The invention discloses a kind of Image emotional semantic classification methods using visual attention contract network, belong to technical field of computer vision.The purpose of this method is the regional area for detecting to cause emotion in picture using Weakly supervised study, extracts the corresponding partial-depth feature in emotion region, then and by it with global depth feature merges, form final feature vector, the classification for emotion picture.Visual attention collaboration convolutional neural networks therein mainly include shared shallow-layer convolutional layer, and the Liang Ge branch of two kinds of tasks is carried out simultaneously, it is respectively used to generate emotion regional distribution chart and the richer vector of generative semantics information, is then sent through classifier and is identified.Image emotional semantic region detection and Image emotional semantic classification task are integrated in a unified depth network by the technology, it realizes and trains end to end, and the other Emotion tagging information of picture level is only needed, rather than the rectangle frame of pixel scale marks, thus alleviate the burden largely marked.

Description

A kind of Image emotional semantic classification method using visual attention contract network
Technical field
The invention belongs to technical field of computer vision, and can simultaneously global information and local message be used for by being related to one kind The visual attention contract network of Image emotional semantic classification.
Background technique
Image emotional semantic classification causes more and more concerns in computer vision at present, carries out emotion automatically to picture Assessment has important application in fields such as education, environment, business.With the development of deep learning, depth network is answered In the work for having used forecast image emotion, however, still there is many challenges to annoying this more abstract work: 1) due to The mankind have in identification affective process with very strong subjectivity, and Image emotional semantic classification has more than traditional visual identity task Challenge;2) if better table will be obtained in identification mission by being capable of providing markup information more more detailed than picture tag It is existing.But since the accurate mark mark other compared to picture level of picture region is more laborious, and viewer is for different The emotion that region generates is also different, so mark is difficult to realize in detail and accurately.

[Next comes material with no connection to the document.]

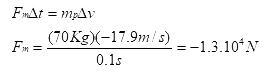 1.6 Un pasajero de 70 kg que va en un automóvil participa en un choque de frente a 17.9 m/s (60 km/h) con una barrera de concreto. Si se supone que el tiempo de frenado es de 100ms, calcule la fuerza que ejerce el cinturón de seguridad y la banda del hombro sobre la persona.

Currently, proposing many methods for Image emotional semantic prediction.In early time, by the theories of psychology and Art Principle It inspires, many methods devise the combination of different manual features.Machajdik et al. defined in document 1 low in 2010 The combination of layer feature goes to indicate that affective content, such as color, texture, ingredient, Zhao et al. proposed in document 2 in 2016 By the hypergraph model of multitask for personal building emotion forecasting system, the system can consider simultaneously personal life background, Social environment, location information and past mood etc. carry out emotion prediction, and disclose IESN data set, this is for solution Emotion subjectivity problem starts sex work.In order to solve the problems, such as training data deficiency, You et al. is in 2015 in document 3 In joined the weak flag data of a large amount of network, and the relatively high data of confidence level are screened iteratively to network according to prediction result It is trained, target data set fine tuning model parameter is finally reused, so that model capability is improved.In order to solve emotion mould The problem of paste property, Yang et al. were proposed in document 4 in 2017 and are utilized the study of progress labeling and label Distributed learning Multitask convolutional neural networks go extract depth characteristic.The existing method based on convolutional neural networks is mostly from whole picture Depth characteristic is extracted, seldom considers the effect that local feature predicts emotion.Sun et al. was based on mesh in document 5 in 2016 It marks proposed algorithm and finds emotion region, and classify in conjunction with depth characteristic.However, this method is suboptimum, because of target Proposed algorithm and prediction work are separation, and unlike the region of object is likely to be left out at the very start.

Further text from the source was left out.